What is needed: Only one span is wanted from the lines below: from the one with "地面、街路樹、オブジェ、なん" up to and including the one with "前程似锦系列-锦顺精美手绘陶瓷杯子 带茶托单杯 广告创意礼品". Copy it exactly, without images.
[[ Exercise data, beginning ]]
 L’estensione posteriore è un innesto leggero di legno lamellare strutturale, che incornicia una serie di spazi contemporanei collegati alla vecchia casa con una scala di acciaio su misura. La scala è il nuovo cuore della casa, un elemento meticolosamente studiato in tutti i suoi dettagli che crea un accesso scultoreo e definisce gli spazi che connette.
[[ Exercise data, end ]]
[[ Exercise data, beginning ]]
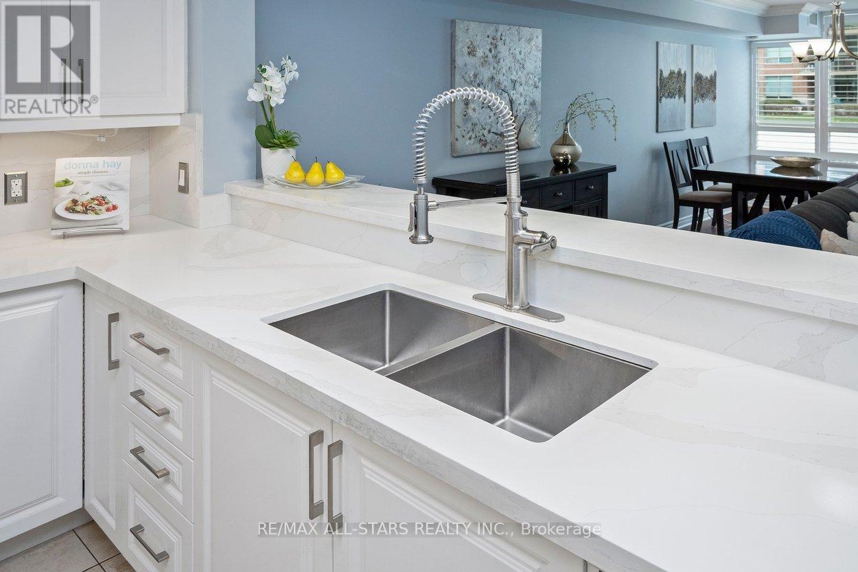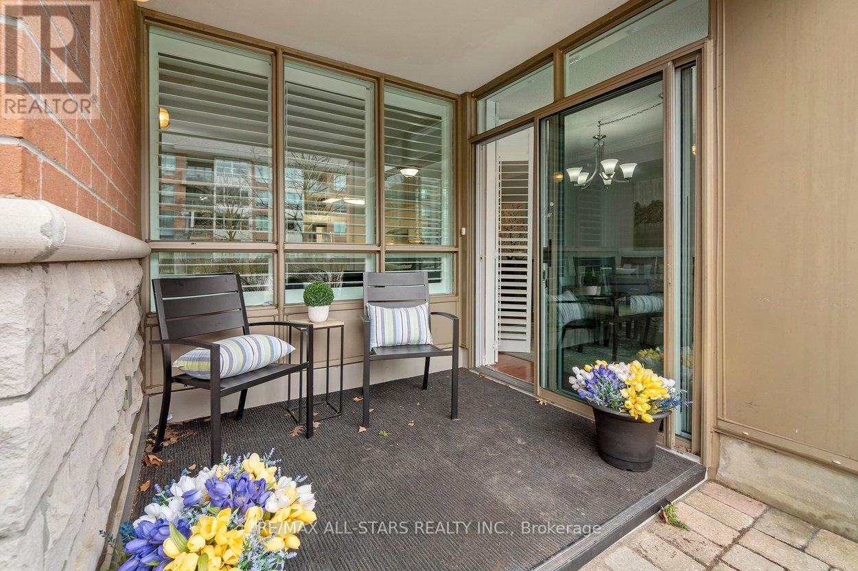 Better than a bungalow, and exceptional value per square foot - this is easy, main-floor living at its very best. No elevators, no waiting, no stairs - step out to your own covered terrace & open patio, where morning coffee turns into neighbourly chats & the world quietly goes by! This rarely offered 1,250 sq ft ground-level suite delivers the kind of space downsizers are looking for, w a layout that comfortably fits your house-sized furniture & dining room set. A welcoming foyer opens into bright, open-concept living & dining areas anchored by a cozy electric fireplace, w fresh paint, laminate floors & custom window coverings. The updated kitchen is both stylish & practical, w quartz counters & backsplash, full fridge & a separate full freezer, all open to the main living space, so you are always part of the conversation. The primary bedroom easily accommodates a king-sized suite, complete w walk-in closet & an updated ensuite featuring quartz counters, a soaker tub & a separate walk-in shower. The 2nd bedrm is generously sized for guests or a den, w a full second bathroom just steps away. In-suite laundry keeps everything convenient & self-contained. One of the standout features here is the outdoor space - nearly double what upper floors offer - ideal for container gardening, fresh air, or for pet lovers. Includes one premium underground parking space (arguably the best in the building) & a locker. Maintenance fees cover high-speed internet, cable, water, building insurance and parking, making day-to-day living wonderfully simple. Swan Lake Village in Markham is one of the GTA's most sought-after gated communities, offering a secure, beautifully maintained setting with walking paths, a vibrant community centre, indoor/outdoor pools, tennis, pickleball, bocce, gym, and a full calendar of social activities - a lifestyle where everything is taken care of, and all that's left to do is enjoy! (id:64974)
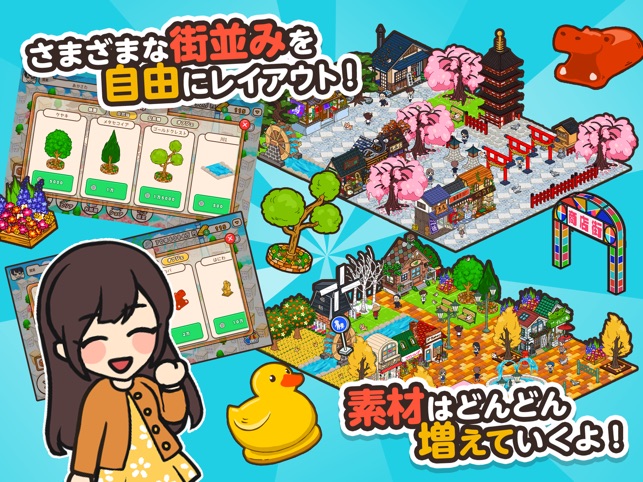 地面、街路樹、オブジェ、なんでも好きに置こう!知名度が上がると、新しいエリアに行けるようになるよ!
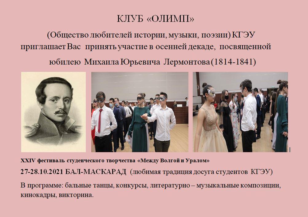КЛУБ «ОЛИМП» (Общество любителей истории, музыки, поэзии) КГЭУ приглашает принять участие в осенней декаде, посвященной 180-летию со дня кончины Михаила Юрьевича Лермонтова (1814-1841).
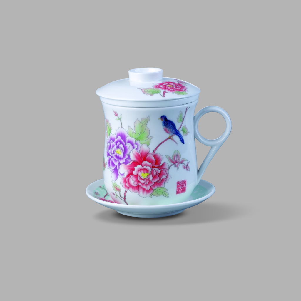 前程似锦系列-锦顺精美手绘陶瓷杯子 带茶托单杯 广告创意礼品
[[ Exercise data, end ]]
[[ Exercise data, beginning ]]
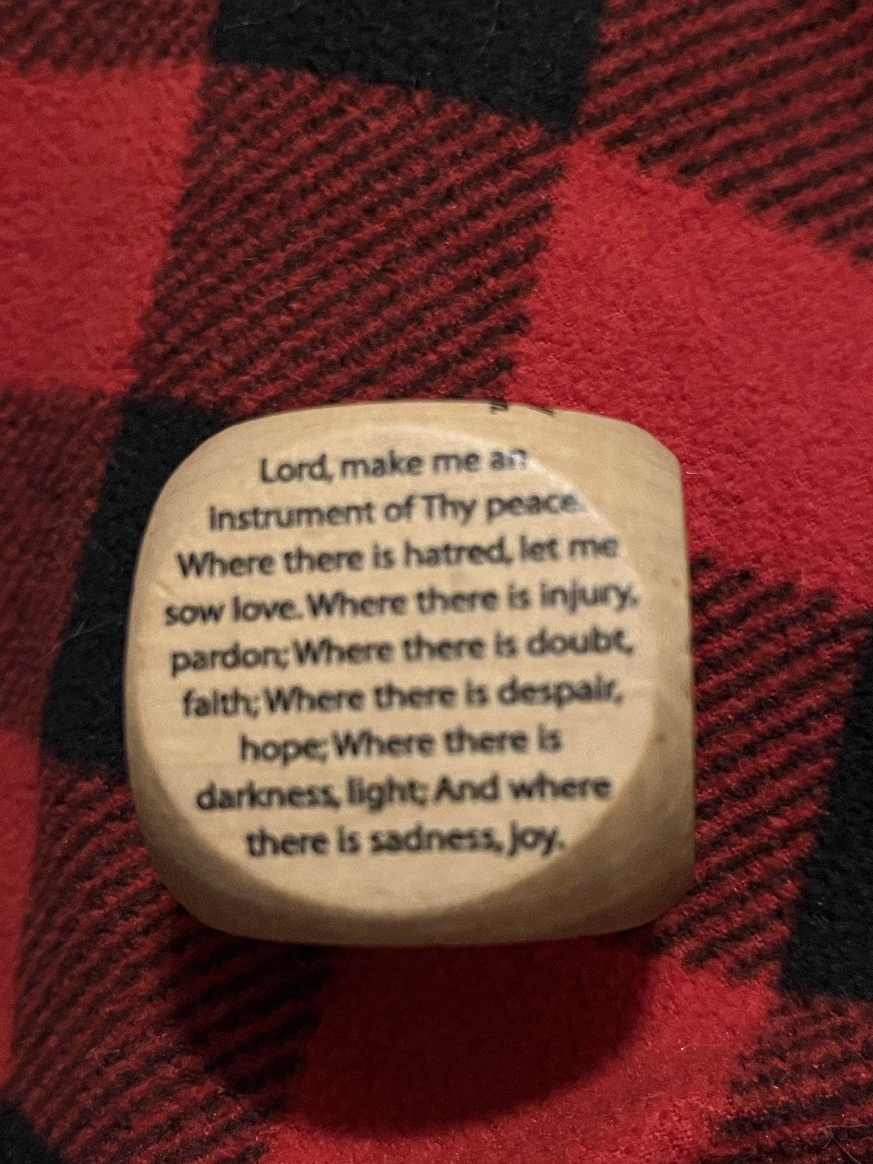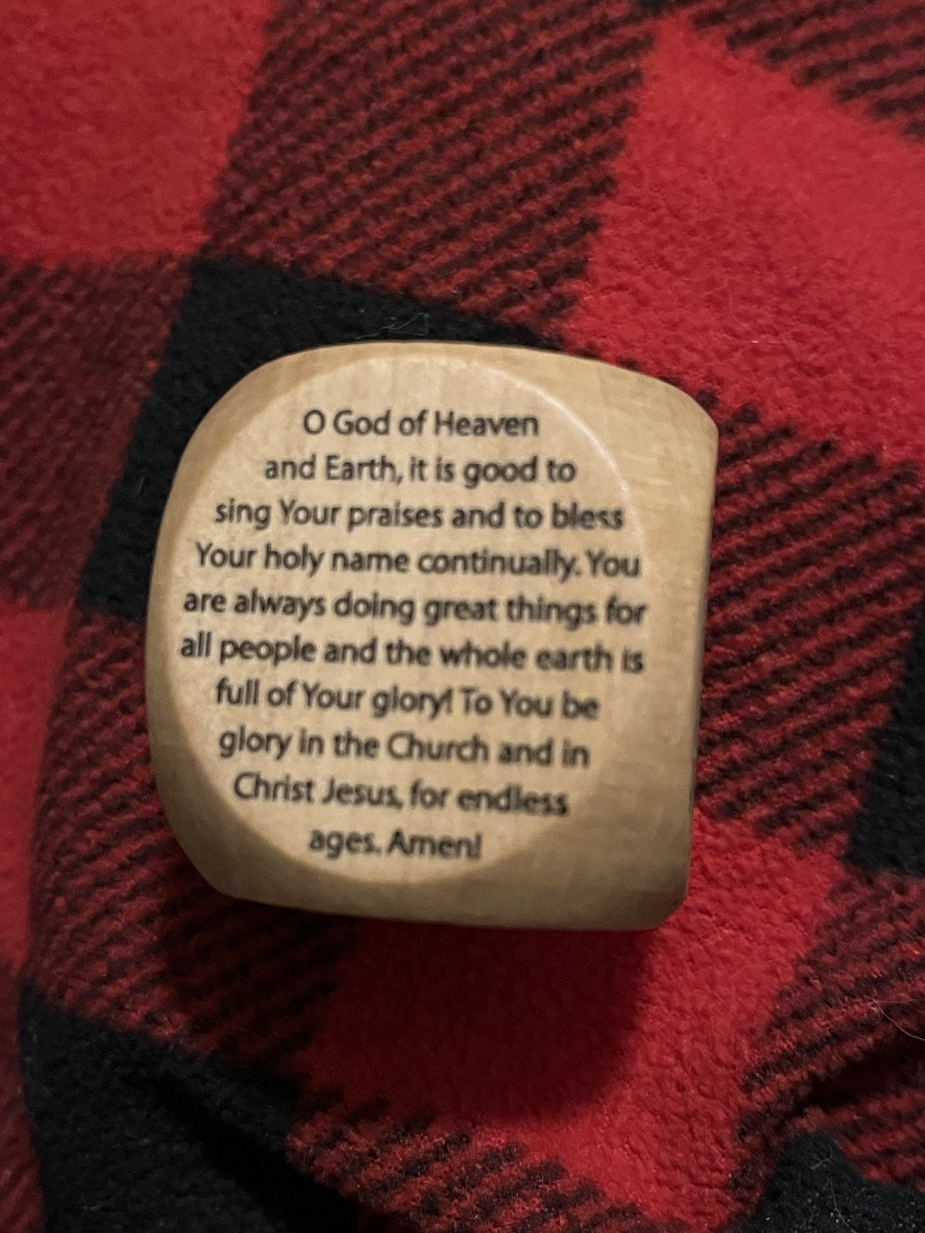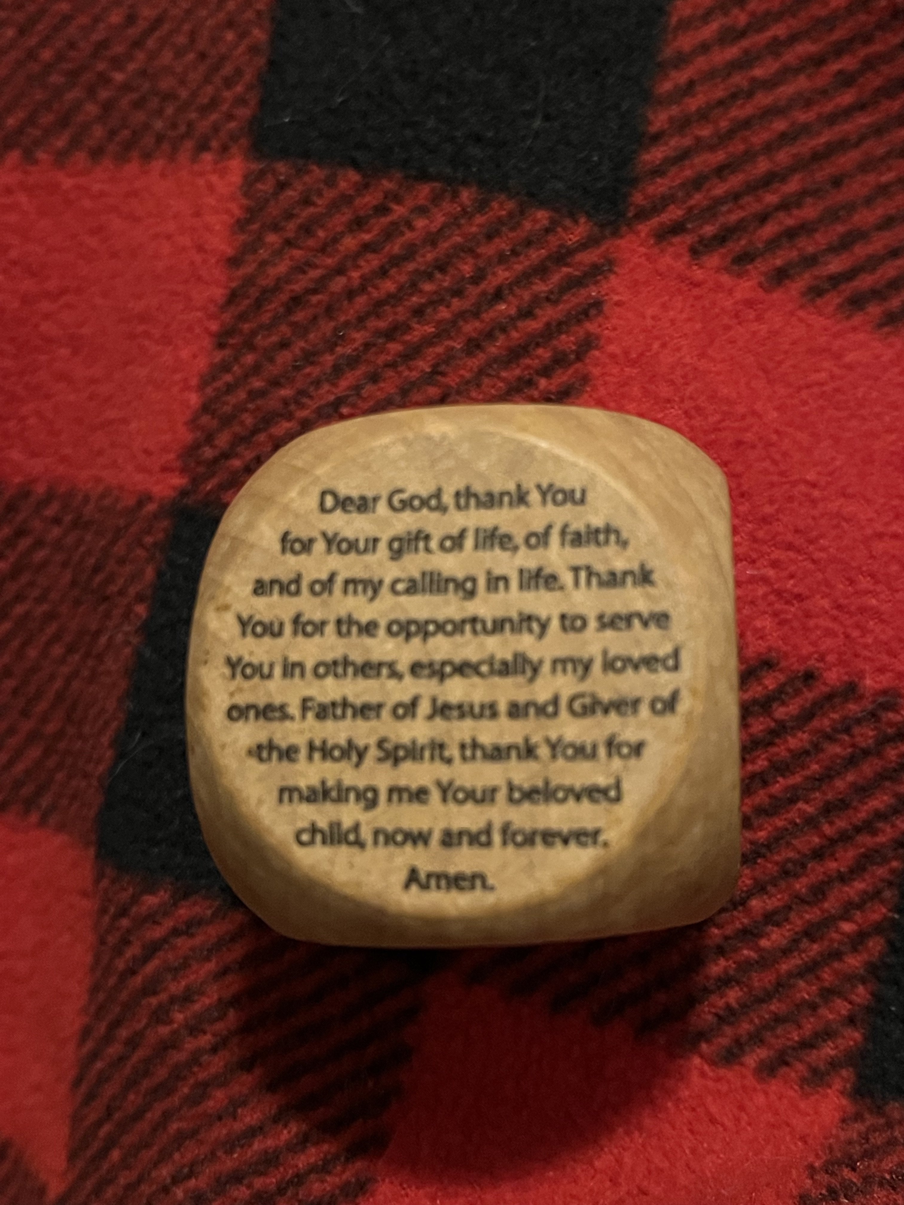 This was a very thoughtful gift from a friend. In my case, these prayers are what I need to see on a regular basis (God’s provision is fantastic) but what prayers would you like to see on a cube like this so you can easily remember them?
[[ Exercise data, end ]]
Written reply:
 地面、街路樹、オブジェ、なんでも好きに置こう!知名度が上がると、新しいエリアに行けるようになるよ!
КЛУБ «ОЛИМП» (Общество любителей истории, музыки, поэзии) КГЭУ приглашает принять участие в осенней декаде, посвященной 180-летию со дня кончины Михаила Юрьевича Лермонтова (1814-1841).
 前程似锦系列-锦顺精美手绘陶瓷杯子 带茶托单杯 广告创意礼品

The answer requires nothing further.